[[ DATA EXCERPT, beginning ]]
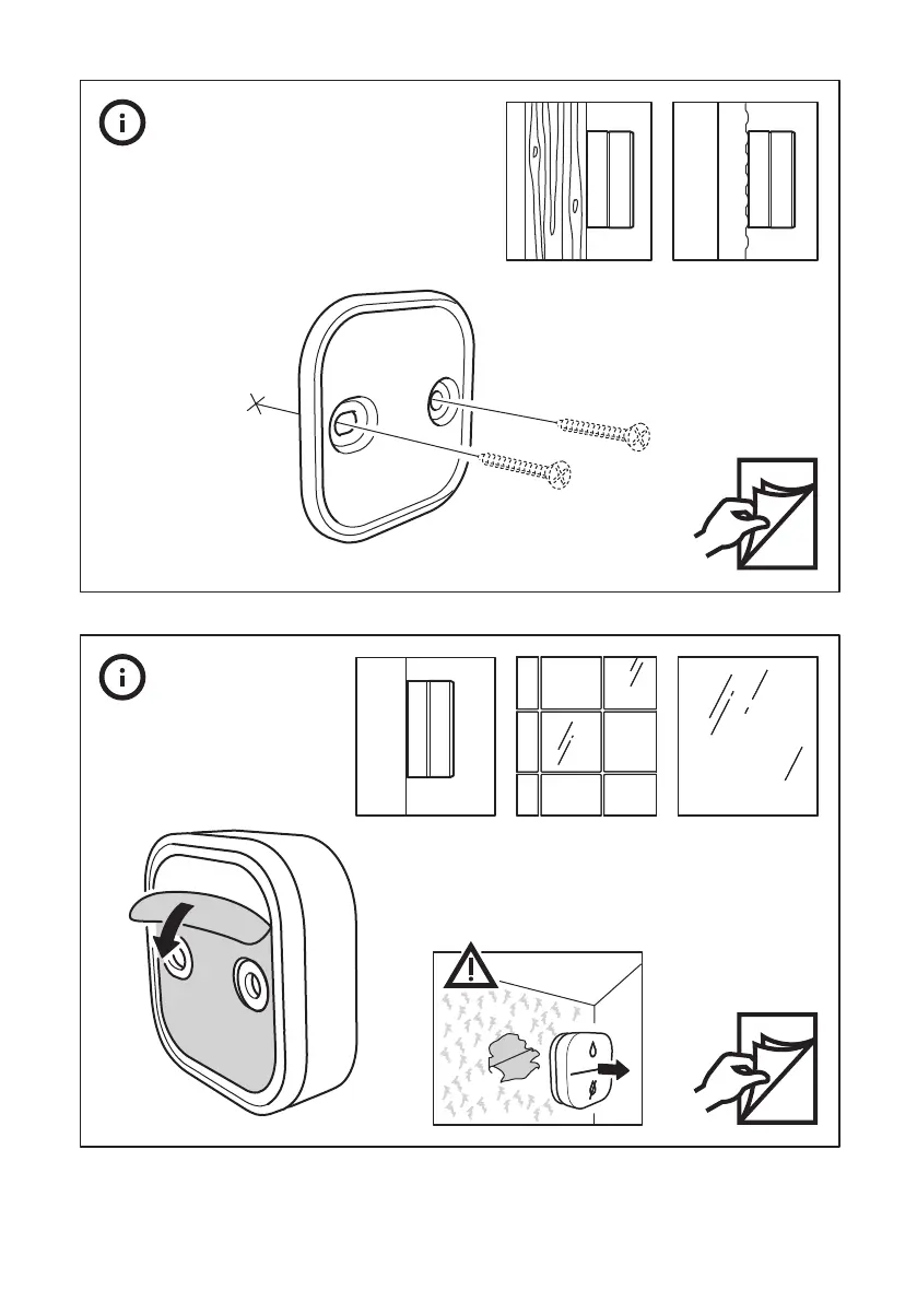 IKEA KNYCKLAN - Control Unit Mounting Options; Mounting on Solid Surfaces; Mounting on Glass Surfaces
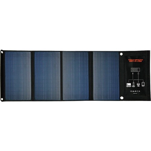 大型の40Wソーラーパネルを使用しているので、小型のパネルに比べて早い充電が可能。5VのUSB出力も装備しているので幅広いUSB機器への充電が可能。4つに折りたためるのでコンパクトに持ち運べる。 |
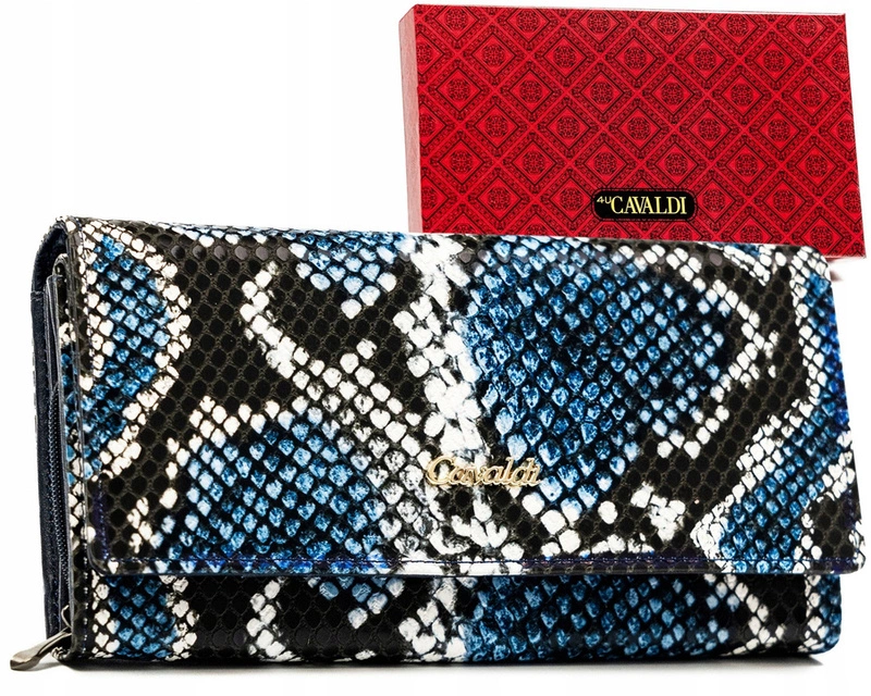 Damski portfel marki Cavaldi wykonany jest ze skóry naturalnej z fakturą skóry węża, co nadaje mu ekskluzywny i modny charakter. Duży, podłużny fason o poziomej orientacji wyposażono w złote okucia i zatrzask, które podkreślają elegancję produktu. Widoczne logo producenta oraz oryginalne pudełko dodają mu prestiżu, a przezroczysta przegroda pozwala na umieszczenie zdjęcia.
[[ DATA EXCERPT, end ]]
EXERCISE: The required output is every line from the one containing "大型の40Wソーラーパネルを" through the last line of the data above, restated exactly and without pictures.

TASK RESULT:
 大型の40Wソーラーパネルを使用しているので、小型のパネルに比べて早い充電が可能。5VのUSB出力も装備しているので幅広いUSB機器への充電が可能。4つに折りたためるのでコンパクトに持ち運べる。 |
 Damski portfel marki Cavaldi wykonany jest ze skóry naturalnej z fakturą skóry węża, co nadaje mu ekskluzywny i modny charakter. Duży, podłużny fason o poziomej orientacji wyposażono w złote okucia i zatrzask, które podkreślają elegancję produktu. Widoczne logo producenta oraz oryginalne pudełko dodają mu prestiżu, a przezroczysta przegroda pozwala na umieszczenie zdjęcia.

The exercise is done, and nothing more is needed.